• INSTRUCTIONS FOR THE TASK:
The entries that follow must be given again exactly, with no pictures kept.
BEGIN EXERCISE DATA
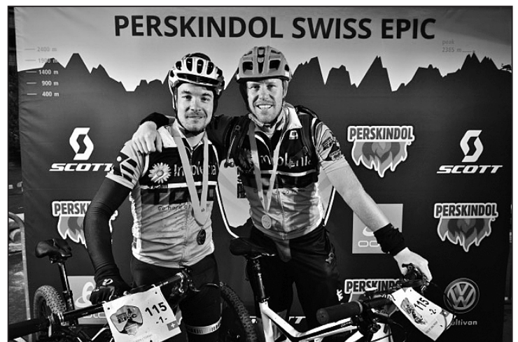
Geschafft – das Feuerthaler «EL ToRo»-Team im Ziel.
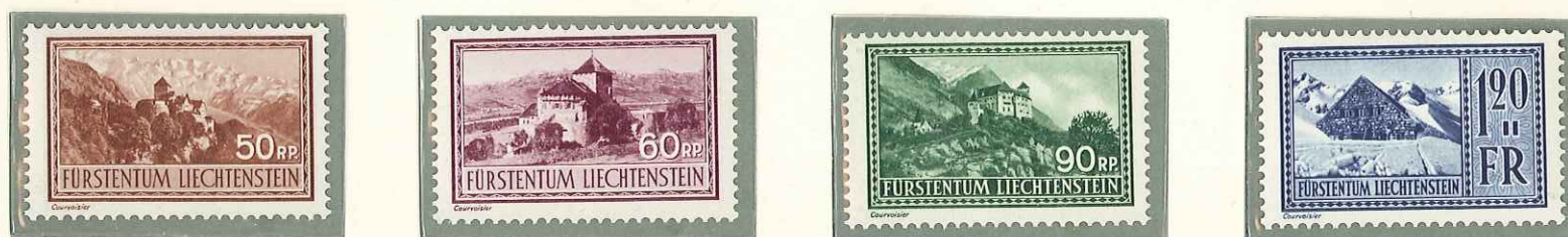
1934 - VEDUTE - VUES - VIEWS - LANDSCHAFTEN - DENT. 11 1/2.
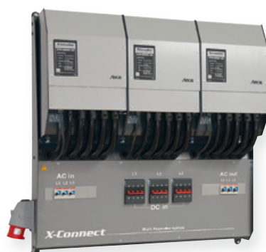
Steca X-Connect-System Structure de montage précâblé pour les appareils de la série Steca Xtender XTH.
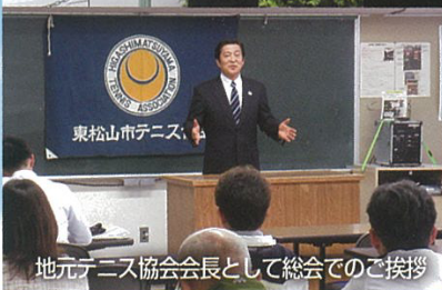
地元テニス協会会長として総会でのご挨拶
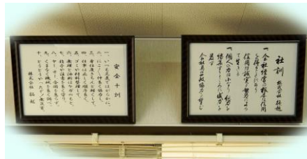
とても大事なもの！！ 安全十訓と、社訓が壁に掛けてありました。

長岡出張所が移転しました。 出張所が出来た時は、所長からのメッセージのみ掲載し、訪問しなかったのですが、今回は機会がありました。移転先を訪問することが出来ました。 場所は、長岡市三ツ郷屋(案内図参照)。住宅地なので、わかりにくいかも知れませんが、近くに行くと、「チャレンジ・・・」の幕が目飛び込んできて、「オー！ 拓越だ！」と何だか仲間を見つけた気分嬉しくなりました。(だって、長岡市に出張所だよ。次は、新潟市かな？なんてね。) 勝手に想いが暴走してすみません。・ と云うことで、それではおじやまさせて頂きます。 まず、ドアの方じゃなくて、掃き出し窓の方の玄関を入ると、可愛い招き猫がお出迎えしてくれました。
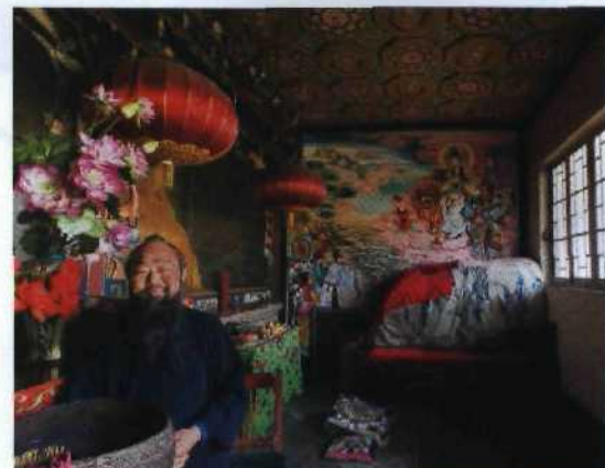
▶ 172 Ganz oben: taoistischer Mönch auf dem Hua Shan, Zentralchina
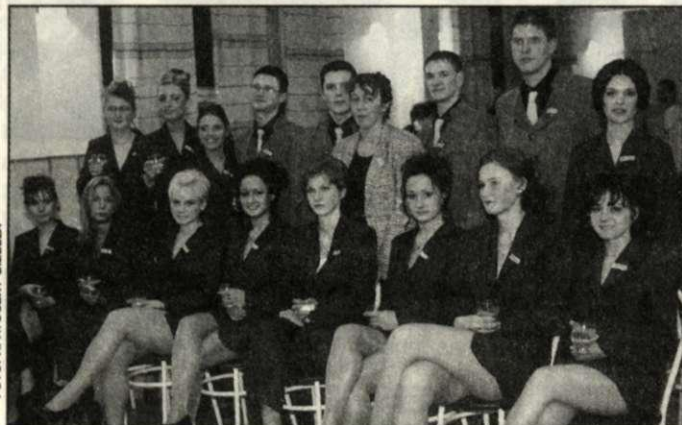
Stužková slávnosť v slovenskom gymnáziu
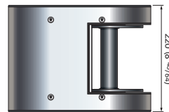
Afmetingen in mm (inch)

Multifunctionele kaapstanders. De modellen van de PT-serie zijn speciale elektrische kaapstanders die ontworpen zijn om het anker aan boord van een ponton of boten te hijsen waar weinig ruimte tot beschikking is. Het kan eenvoudig boven of onder het dek worden geïnstalleerd. PT-modellen kunnen ook worden gebruikt op hengelsportboten of om uw volgboot aan boord van uw jacht te tillen. De drum kan een strip van 48 mm lang en 7,5 m lang ophalen.
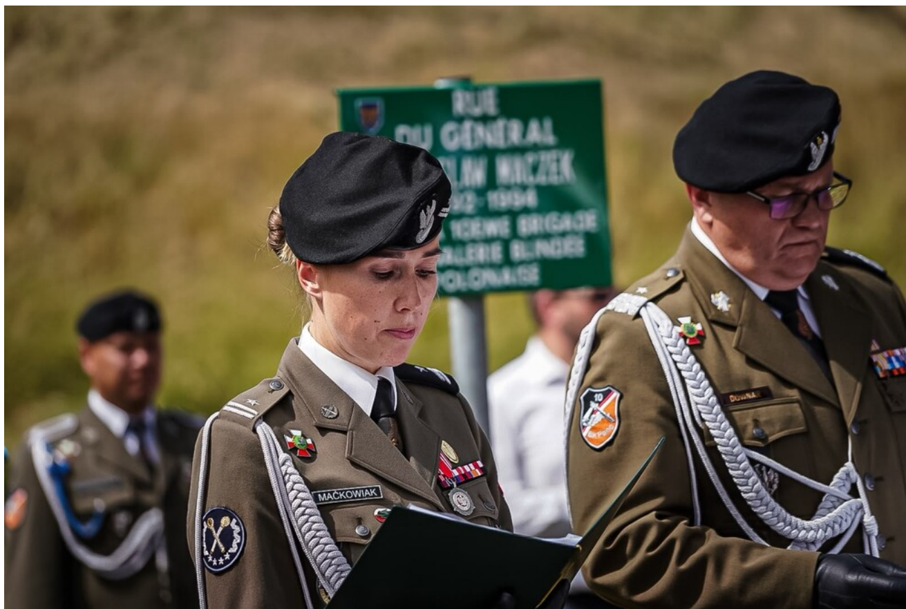
General Stanisław Maczek patronem ulicy w Montbard - 13 czerwca 2026.
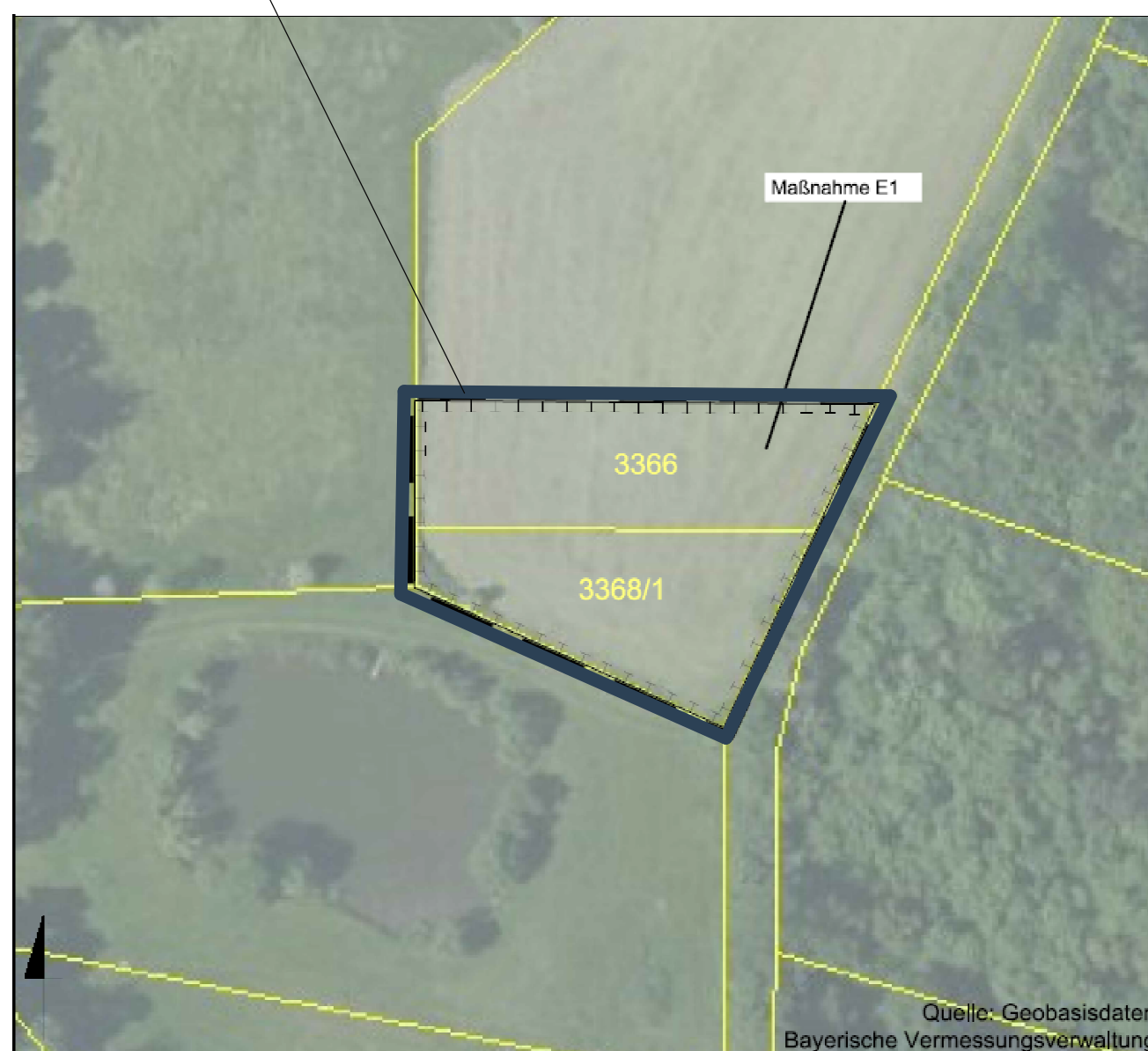
Geltungsbereich 2 - Zuordnung Maßnahme E1
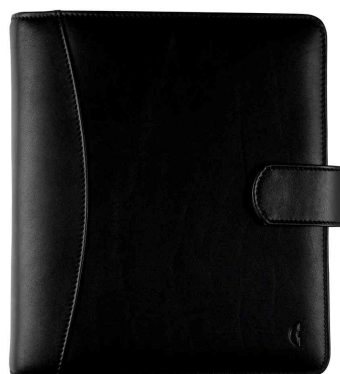
Standard A5 Compact
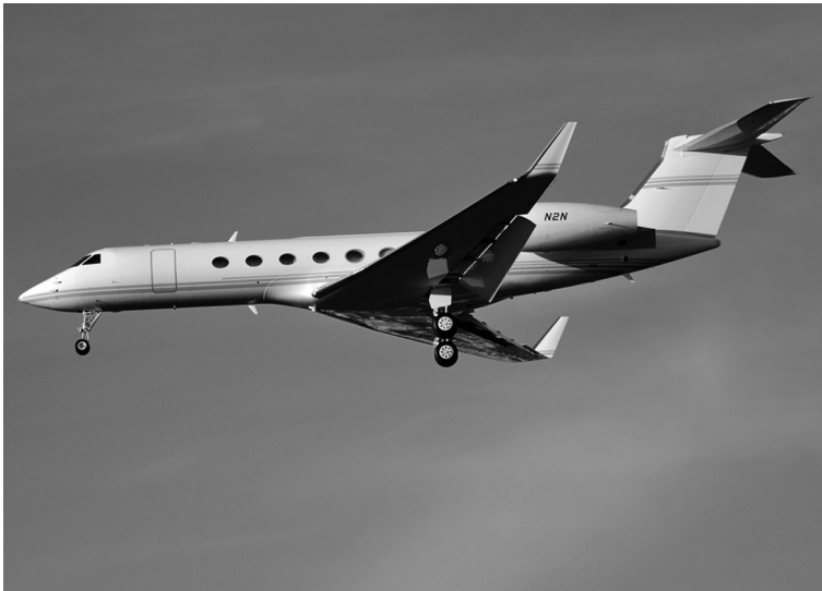
Реактивный самолет бизнес-класса Gulfstream G550 , предоставленный фирмой «Apple» Джобсу в личное пользование
END EXERCISE DATA
• RESPONSE TO THIS TASK:
Geschafft – das Feuerthaler «EL ToRo»-Team im Ziel.
1934 - VEDUTE - VUES - VIEWS - LANDSCHAFTEN - DENT. 11 1/2.
Steca X-Connect-System Structure de montage précâblé pour les appareils de la série Steca Xtender XTH.
地元テニス協会会長として総会でのご挨拶
とても大事なもの！！ 安全十訓と、社訓が壁に掛けてありました。

長岡出張所が移転しました。 出張所が出来た時は、所長からのメッセージのみ掲載し、訪問しなかったのですが、今回は機会がありました。移転先を訪問することが出来ました。 場所は、長岡市三ツ郷屋(案内図参照)。住宅地なので、わかりにくいかも知れませんが、近くに行くと、「チャレンジ・・・」の幕が目飛び込んできて、「オー！ 拓越だ！」と何だか仲間を見つけた気分嬉しくなりました。(だって、長岡市に出張所だよ。次は、新潟市かな？なんてね。) 勝手に想いが暴走してすみません。・ と云うことで、それではおじやまさせて頂きます。 まず、ドアの方じゃなくて、掃き出し窓の方の玄関を入ると、可愛い招き猫がお出迎えしてくれました。
▶ 172 Ganz oben: taoistischer Mönch auf dem Hua Shan, Zentralchina
Stužková slávnosť v slovenskom gymnáziu
Afmetingen in mm (inch)

Multifunctionele kaapstanders. De modellen van de PT-serie zijn speciale elektrische kaapstanders die ontworpen zijn om het anker aan boord van een ponton of boten te hijsen waar weinig ruimte tot beschikking is. Het kan eenvoudig boven of onder het dek worden geïnstalleerd. PT-modellen kunnen ook worden gebruikt op hengelsportboten of om uw volgboot aan boord van uw jacht te tillen. De drum kan een strip van 48 mm lang en 7,5 m lang ophalen.
General Stanisław Maczek patronem ulicy w Montbard - 13 czerwca 2026.
Geltungsbereich 2 - Zuordnung Maßnahme E1
Standard A5 Compact
Реактивный самолет бизнес-класса Gulfstream G550 , предоставленный фирмой «Apple» Джобсу в личное пользование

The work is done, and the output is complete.